We can use verde.Vector to simultaneously process and grid all components of vector data. Each component is processed and gridded separately (see verde.VectorSpline2D for a coupled alternative) but we have the convenience of dealing with a single estimator. verde.Vector can be combined with verde.Trend, verde.Spline, and verde.Chain to create a full processing pipeline.

Out:

  station_id  longitude  ...  wind_speed_east_knots  wind_speed_north_knots
0        0F2   -97.7756  ...               1.032920               -2.357185
1        11R   -96.3742  ...               1.692155                2.982564
2        2F5  -101.9018  ...              -1.110056               -0.311412
3        3T5   -96.9500  ...               1.695097                3.018448
4        5C1   -98.6946  ...               1.271400                1.090743

[5 rows x 6 columns]
Chain(steps=[('mean',
              BlockReduce(adjust='spacing', center_coordinates=False,
                          reduction=<function mean at 0x2ba0af795bf8>,
                          region=None, shape=None, spacing=37000.0)),
             ('trend', Vector(components=[Trend(degree=1), Trend(degree=1)])),
             ('spline',
              Vector(components=[Spline(damping=1e-10, engine='auto',
                                        force_coords=None, mindist=500000.0),
                                 Spline(damping=1e-10, engine='auto',
                                        force_coords=None,
                                        mindist=500000.0)]))])
Cross-validation R^2 score: 0.78
/home/travis/miniconda/envs/testing/lib/python3.6/site-packages/cartopy/mpl/geoaxes.py:1752: RuntimeWarning: invalid value encountered in less
  u, v = self.projection.transform_vectors(t, x, y, u, v)
/home/travis/miniconda/envs/testing/lib/python3.6/site-packages/cartopy/mpl/geoaxes.py:1752: RuntimeWarning: invalid value encountered in greater
  u, v = self.projection.transform_vectors(t, x, y, u, v)
/home/travis/build/fatiando/verde/examples/vector_uncoupled.py:100: UserWarning: Tight layout not applied. The left and right margins cannot be made large enough to accommodate all axes decorations.
  plt.tight_layout()

import matplotlib.pyplot as plt
import cartopy.crs as ccrs
import numpy as np
import pyproj
import verde as vd


# Fetch the wind speed data from Texas.
data = vd.datasets.fetch_texas_wind()
print(data.head())

# Separate out some of the data into utility variables
coordinates = (data.longitude.values, data.latitude.values)
region = vd.get_region(coordinates)
# Use a Mercator projection because Spline is a Cartesian gridder
projection = pyproj.Proj(proj="merc", lat_ts=data.latitude.mean())

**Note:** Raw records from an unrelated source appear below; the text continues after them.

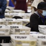 As they worked, the room was quiet aside from the shuffling of papers and auditors saying, “Trump” or “Biden.”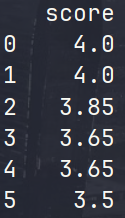 输出:+-------+------+ | score | rank | +-------+------+ | 4.00 | 1 | | 4.00 | 1 | | 3.85 | 2 | | 3.65 | 3 | | 3.65 | 3 | | 3.50 | 4 | +-------+------+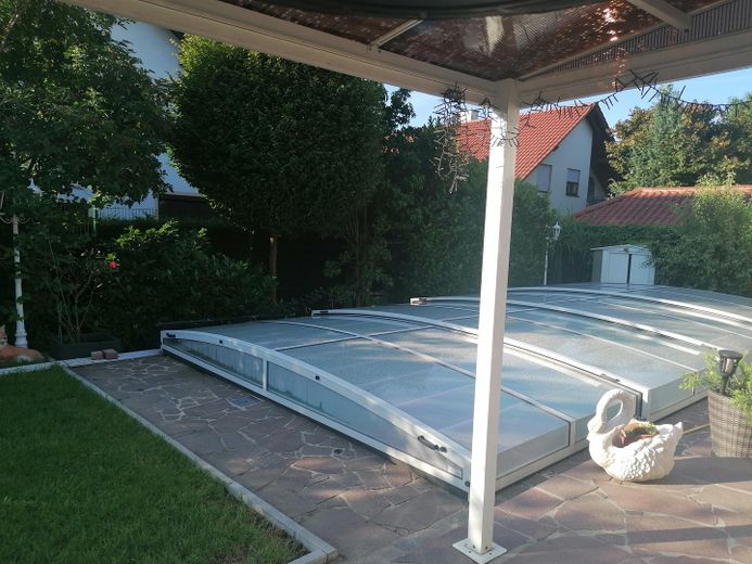 Neu überdachte (Schiebehalle) und erneuerter 8,4 x 4,4 m Pool. Die grosse Garage verfügt über ein elektrisches Tor und ist auch über die Wohnung erreichbar. Eig. grosser Keller.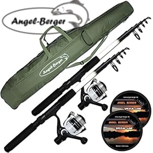 Angel Berger Angelset Komplettset 2 Teleskopruten Rollen Rutentasche Angelruten Angelrollen mit Angelschnur und Rutentasche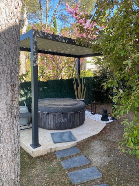 Uafhængigt studie på 25m2, klassificeret som 3-stjernet af Gîtes de France. Tilknyttet hovedvillaen, så du kan nyde dens have og private jacuzzi (ved forudgående reservation med et tillæg på 5 € pr. nat, der betales på stedet). Det er fuldt udstyret og har en udtrækkelig dobbeltseng, der giver plads til en sofa, så du kan nyde en stor plads i løbet af dagen. Udstyret køkken, reversibel aircondition, badeværelse med toilet og brusebad, fiber-WiFi, tv.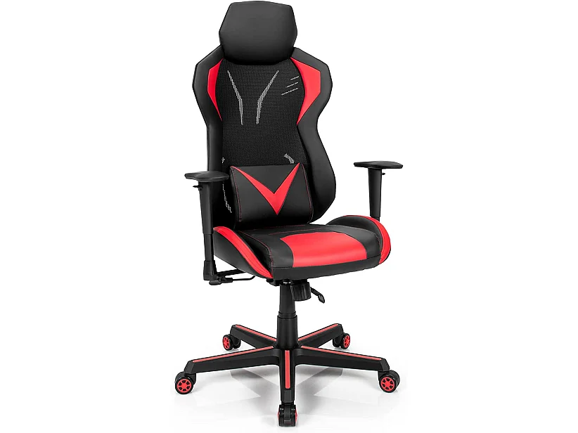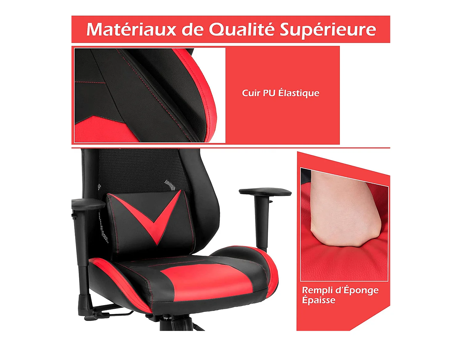 Chaise de Bureau/Chaise Gaming Ergonomique à Roulettes Pivotante avec Support de Colonne Vertébrale 3D Rouge et Noir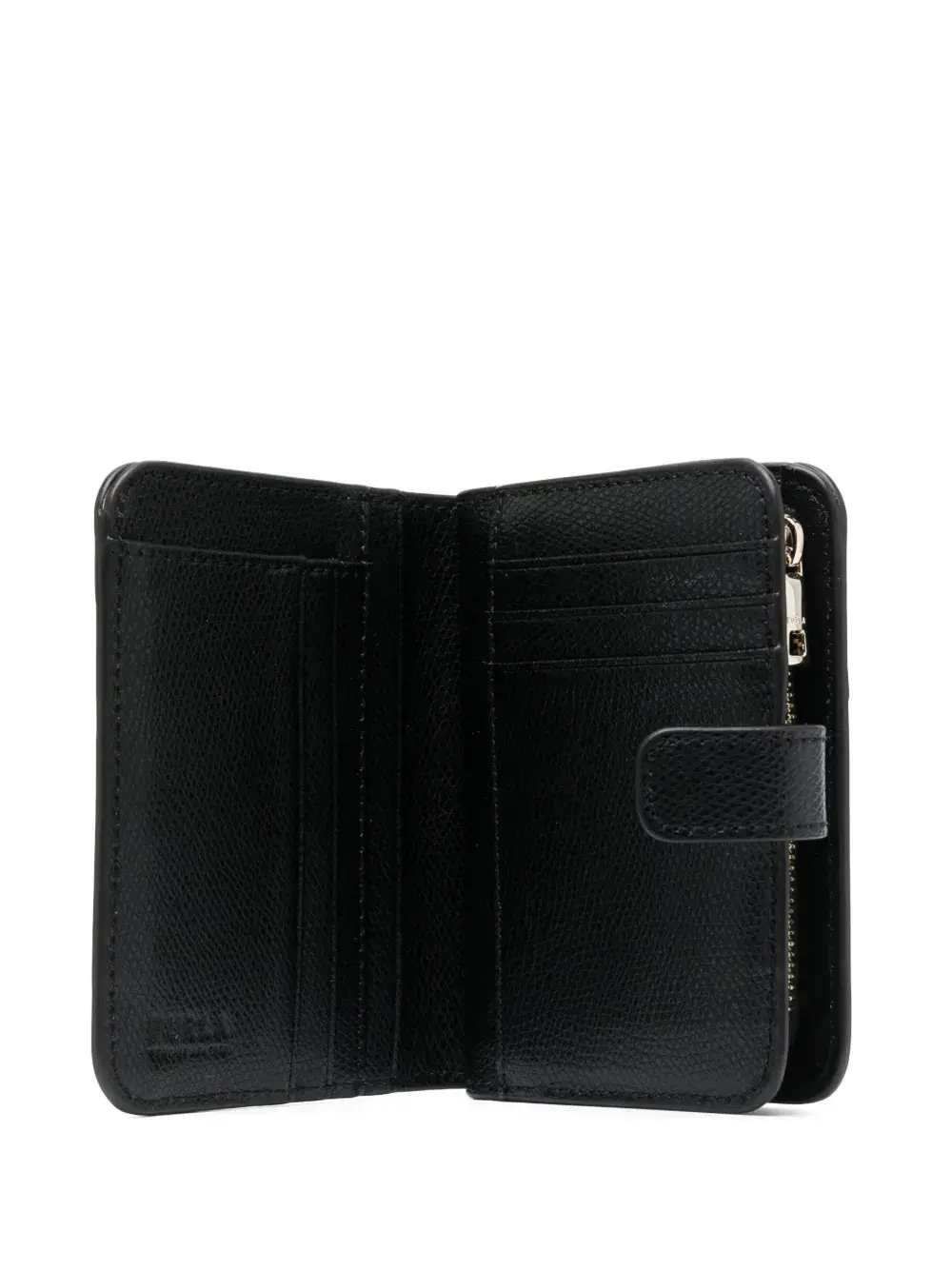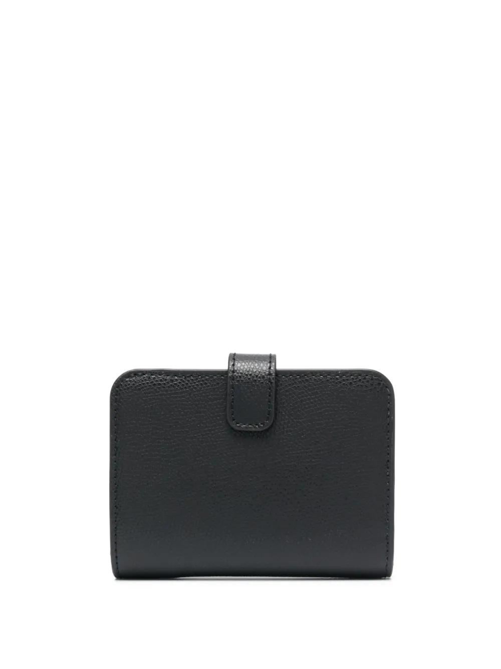 Черный, телячья кожа, зернистая текстура, золотистый логотип, декоративные складки, внутренний карман на молнии, внутренние отделения для карт и отделение для купюр.
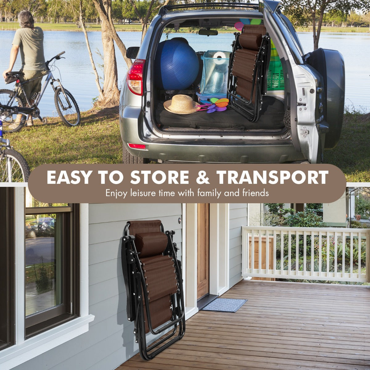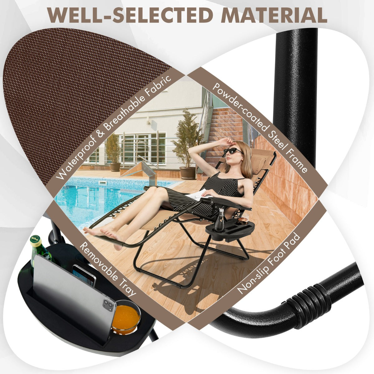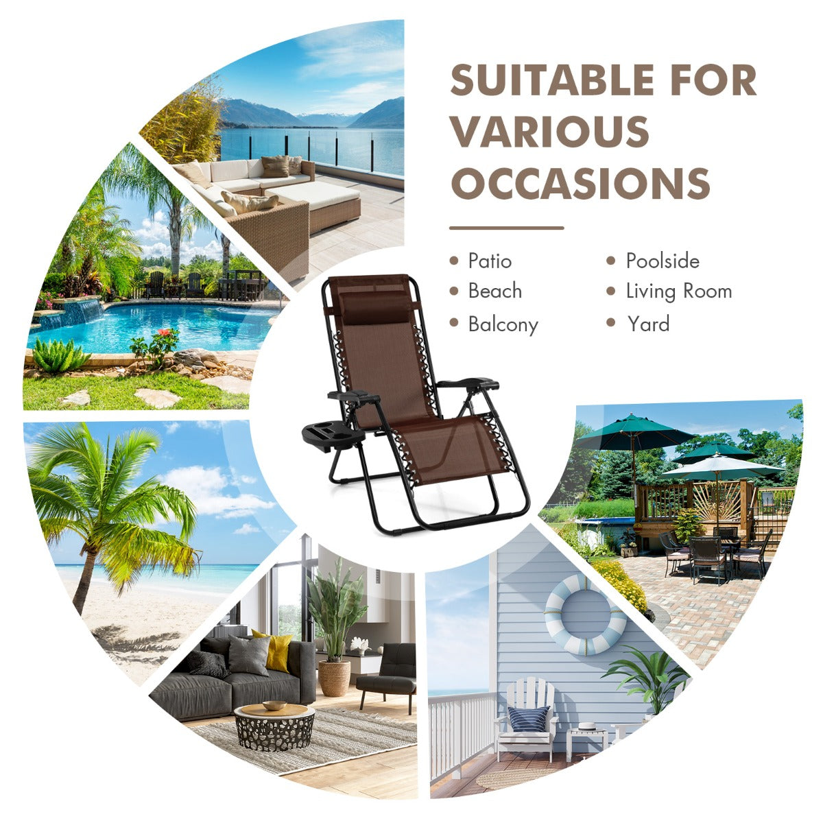 NNECW Patio Zero Gravity Lounge Chair with Cup Holder & Removable Pillow-Coffee-1 piece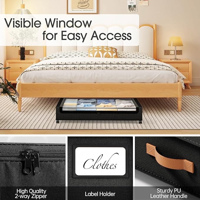 - Clear Window & Label: Our rolling underbed storage bins are equipped with a Clear window, you can clearly see the stored items, say goodbye to the trouble of misplacing items. Additionly, the included label is great for labeling contents, allowing you to quickly identify and find the item you're looking for without having to open multiple containers or boxes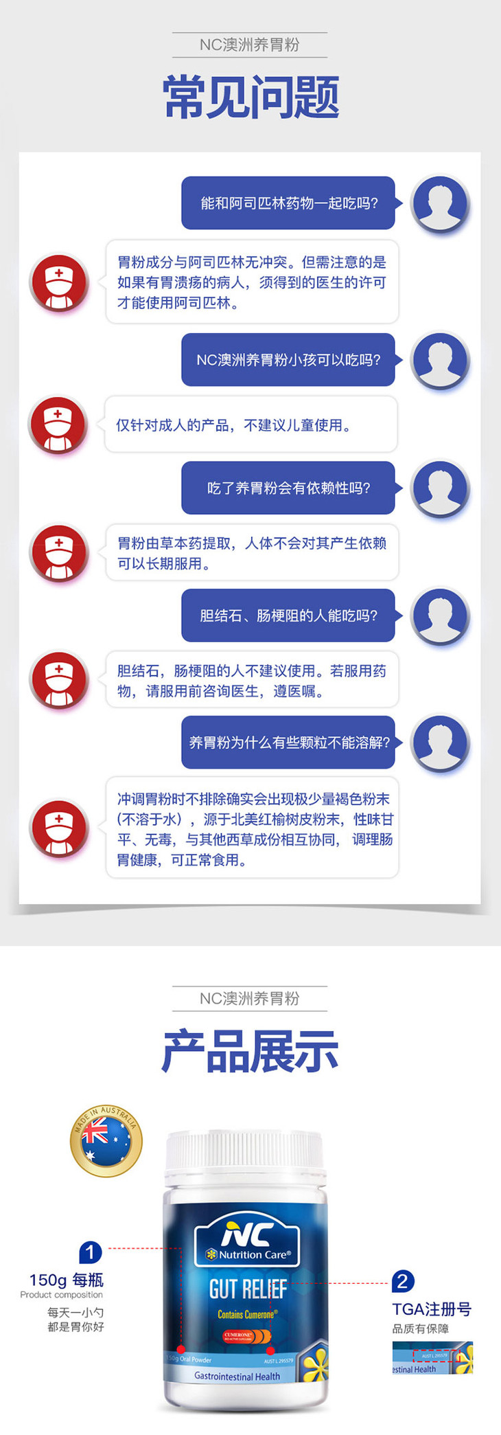 澳洲 NutritionCare 姜黄谷氨酰胺粉 调理肠胃 150g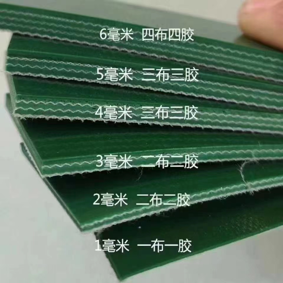五、根據PVC輸送帶產品織物層次可分為:一布一膠、二布一膠、一布二膠、二布二膠、二布三膠、三布三膠、三布四膠、四布四膠、四布五膠、五布五膠等。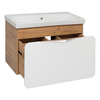 Тумба Skandi 80 оснащена двумя ящиками: внешним и внутренним. Внешний ящик на направляющих скрытого монтажа с доводчиком. Внутренний открывается с помощью механизма Push-to-Open. Корпус тумбы выполнен из ЛДСП в древесной текстуре "дуб крафт золотой", а фасад внешнего ящика - из МДФ в белой глянцевой эмали. Лаконичным завершением общей композиции является стильная хромированная ручка.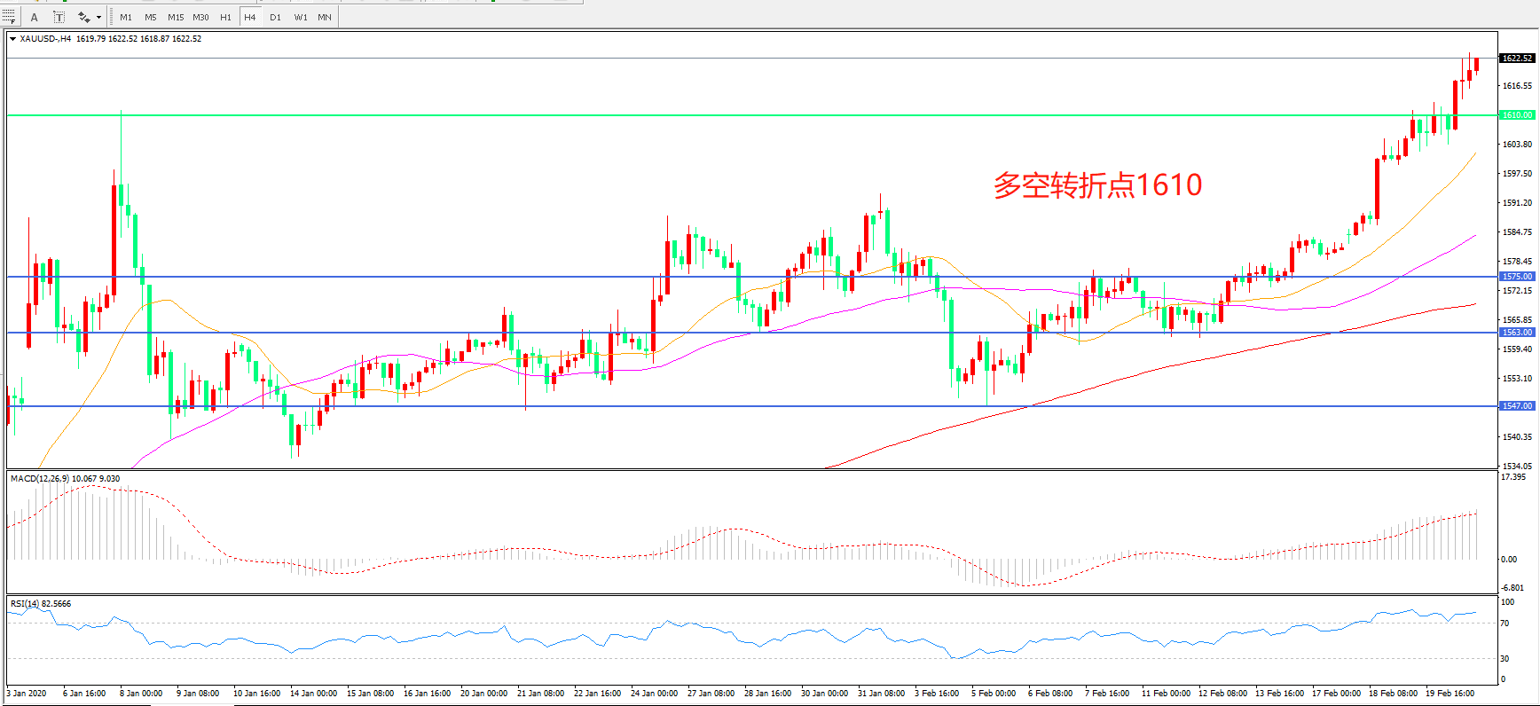 交易策略:在1610.00之上看涨,目标1650.00   1700.00

# Split the data into a training and testing set. We'll fit the gridder on the training
# set and use the testing set to evaluate how well the gridder is performing.
train, test = vd.train_test_split(
    projection(*coordinates),
    (data.wind_speed_east_knots, data.wind_speed_north_knots),
    random_state=2,
)

# We'll make a 20 arc-minute grid
spacing = 20 / 60

# Chain together a blocked mean to avoid aliasing, a polynomial trend (Spline usually
# requires de-trended data), and finally a Spline for each component. Notice that
# BlockReduce can work on multicomponent data without the use of Vector.
chain = vd.Chain(
    [
        ("mean", vd.BlockReduce(np.mean, spacing * 111e3)),
        ("trend", vd.Vector([vd.Trend(degree=1) for i in range(2)])),
        (
            "spline",
            vd.Vector([vd.Spline(damping=1e-10, mindist=500e3) for i in range(2)]),
        ),
    ]
)
print(chain)

# Fit on the training data
chain.fit(*train)
# And score on the testing data. The best possible score is 1, meaning a perfect
# prediction of the test data.
score = chain.score(*test)
print("Cross-validation R^2 score: {:.2f}".format(score))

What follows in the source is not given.